Indica vs. Sativa

There is quite a bit of talk around these two terms and people use them to describe plants with two distinct effects, namely a mood uplifter or a calmative. In reality, these are not quite accurate, as there are two factors which influence the way that everything grows and those are environment and genetics. In this article, we will break down the meanings of these different names, indica and sativa and we’ll give you some sound science to base your judgment on, as well as how you talk about marijuana products to other knowledgeable people.


The way that a plant can grow is based on genetics. The genetic structure of a plant decides what a plant could potentially look like and how it might grow. For example, the genotype of a plant might decide that it can grow really tall, with only a few branches. Genotype might also decide that a plant will be able to produce a lot of resin or that the flowers it makes will be really big, but only a few. 

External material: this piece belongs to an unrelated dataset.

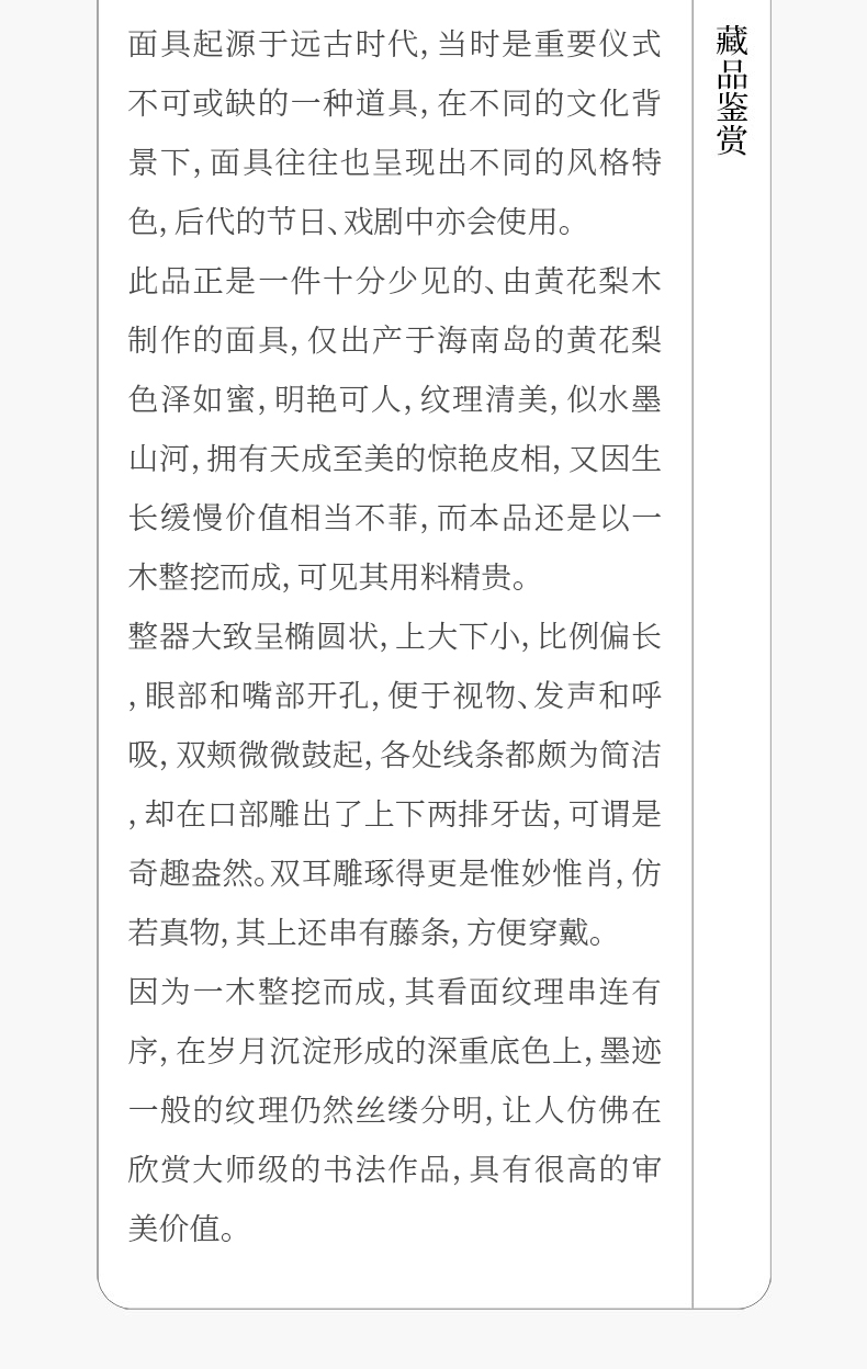 明 黄花梨一木整挖面具

This is the way a plant grows in its environment. For example, the genotype of our tall plant might be thwarted by the fact that the plant is not growing in the right medium and so it will not be able to grow as tall as its genotype might allow. A shortage or excess of water might also affect the way a plant grows and the hours of sunlight it is exposed to also influences how a plant will grow. All of these influences work together to create a particular phenotype, or general result based on genotype.

Why Is This Complex Information Important?

We want you to understand that while cannabis plants grew wild and their phenotypes strongly affected by the places they grew—rocky, arid mountains or lush and humid valleys—modern-day cannabis plants grown for medical use are grown indoors, under very tightly controlled conditions. This means that the grower can pick a certain type of seed for the qualities it could have as a full-grown plant and that plant might not show all of the features or characteristics the grower expected simply because the growing medium was slightly acidic. 

Most plant strains these days are hybrid, which means that a grower has combined indica and sativa plants for their specific characteristics. Like people, no two plants are ever exactly the same and sometimes, plants—and people—that have a range of potentials never get to show them off due to the environment in which they grow. 

Understanding the Difference: Indica vs. Sativa

Knowing what you know about genotypes and phenotypes, let’s look at the true meaning of these terms as descriptions for the phenotype of the plant. Sativa plants, commonly known for their energizing and uplifting “high,” grow taller than 12 feet and have thin, slender leaves. So, as a phenotype, sativa plants are usually taller, thinner and produce a bit more THC and less CBD (we’ll get to these two terms in another post). Sativa plants are not necessarily the only plants which will give you that THC “high,” so it is not accurate to use sativa as a way to describe high THC plants. Again, sativa is a phenotype, which describes the way it will most likely grow in native or best conditions. 

Indica plants grow shorter, bushier and have thicker leaves. They also tend to have higher CBD levels and lower THC levels. This is the phenotype we are describing. Indica plants are used more for their calming, stress-relieving properties and they tend to have a range of medicinal uses that are safer for the average person due to the lower THC content. So, indica is the phenotype which describes the way the plants will most likely grow. 

When it comes to hybrid plants, which most are, the strain will probably be sativa- or indica-dominant, meaning that its phenotype displays more of the outward characteristics of one or the other, although it has been produced from strains of both phenotypes.